> [WHAT YOU WILL DO]
Repeat the records exactly. Leave out the pictures.

▼▼▼

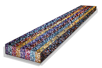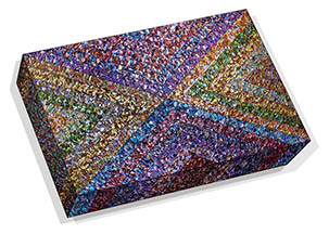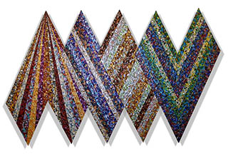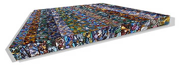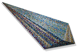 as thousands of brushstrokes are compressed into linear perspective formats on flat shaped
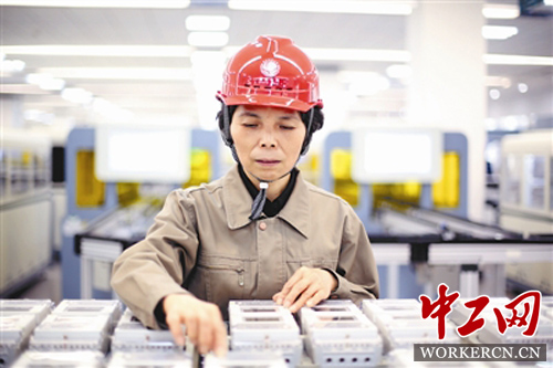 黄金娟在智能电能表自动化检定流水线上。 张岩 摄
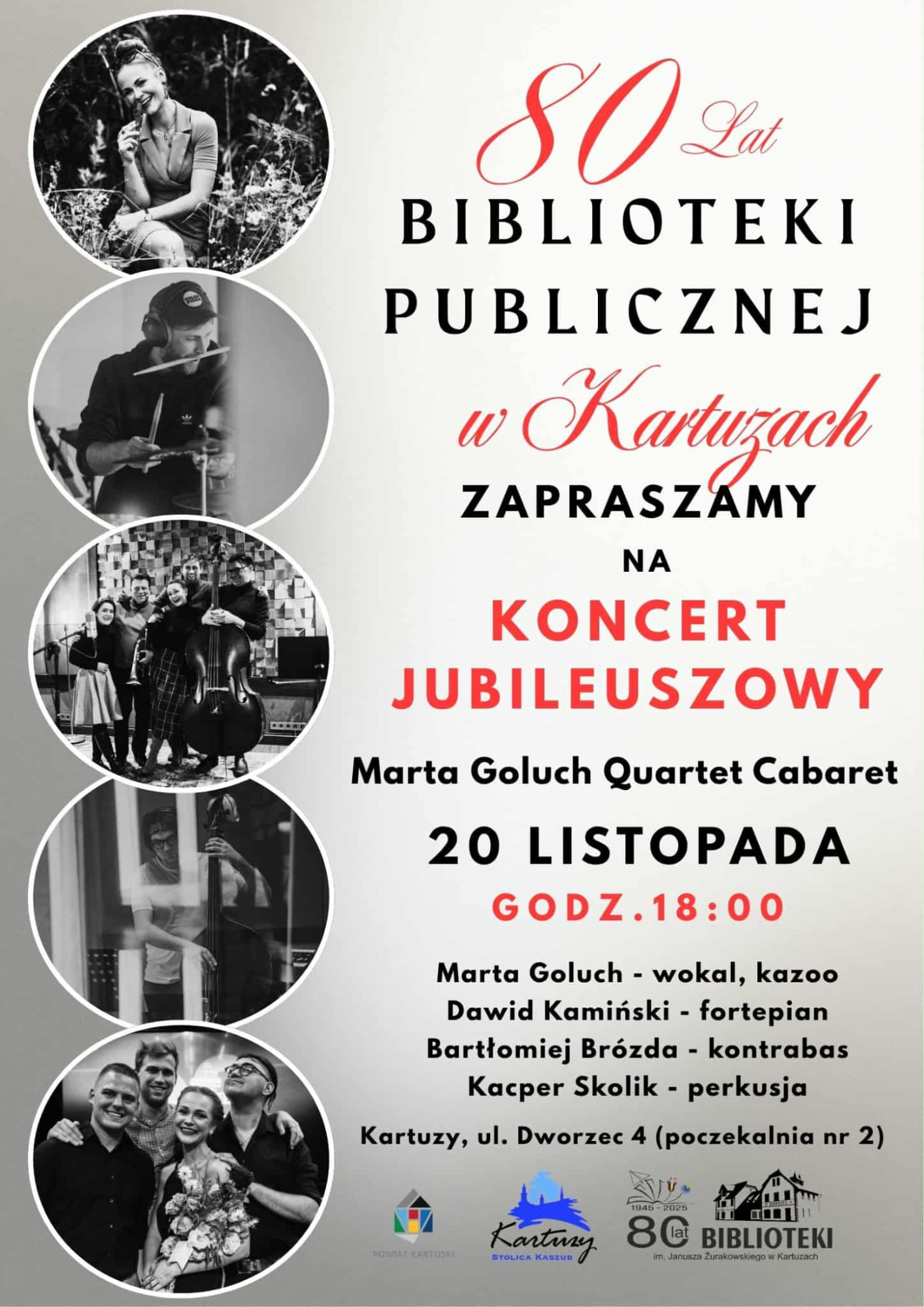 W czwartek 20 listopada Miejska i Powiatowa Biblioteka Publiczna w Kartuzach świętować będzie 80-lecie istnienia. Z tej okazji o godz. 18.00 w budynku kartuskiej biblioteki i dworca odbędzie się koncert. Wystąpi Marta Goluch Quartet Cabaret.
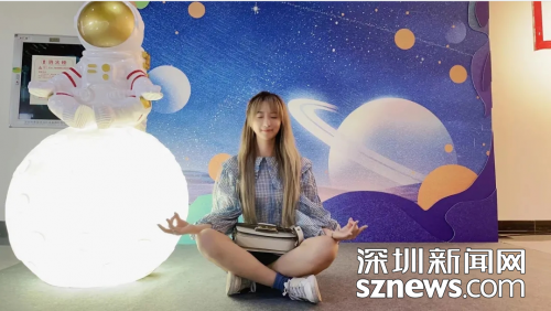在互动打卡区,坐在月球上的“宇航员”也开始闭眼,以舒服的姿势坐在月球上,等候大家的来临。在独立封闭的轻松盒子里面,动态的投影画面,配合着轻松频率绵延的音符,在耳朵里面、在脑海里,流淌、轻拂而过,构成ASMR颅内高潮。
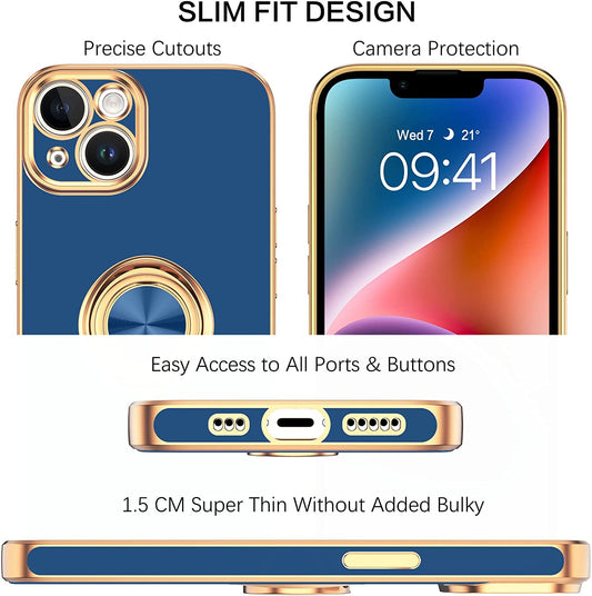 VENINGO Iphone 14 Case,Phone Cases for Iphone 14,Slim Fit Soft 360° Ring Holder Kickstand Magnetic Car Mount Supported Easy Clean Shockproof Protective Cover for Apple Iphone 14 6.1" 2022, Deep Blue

▲▲▲

> [YOUR RESPONSE]
 as thousands of brushstrokes are compressed into linear perspective formats on flat shaped
 黄金娟在智能电能表自动化检定流水线上。 张岩 摄
 W czwartek 20 listopada Miejska i Powiatowa Biblioteka Publiczna w Kartuzach świętować będzie 80-lecie istnienia. Z tej okazji o godz. 18.00 w budynku kartuskiej biblioteki i dworca odbędzie się koncert. Wystąpi Marta Goluch Quartet Cabaret.
在互动打卡区,坐在月球上的“宇航员”也开始闭眼,以舒服的姿势坐在月球上,等候大家的来临。在独立封闭的轻松盒子里面,动态的投影画面,配合着轻松频率绵延的音符,在耳朵里面、在脑海里,流淌、轻拂而过,构成ASMR颅内高潮。
 VENINGO Iphone 14 Case,Phone Cases for Iphone 14,Slim Fit Soft 360° Ring Holder Kickstand Magnetic Car Mount Supported Easy Clean Shockproof Protective Cover for Apple Iphone 14 6.1" 2022, Deep Blue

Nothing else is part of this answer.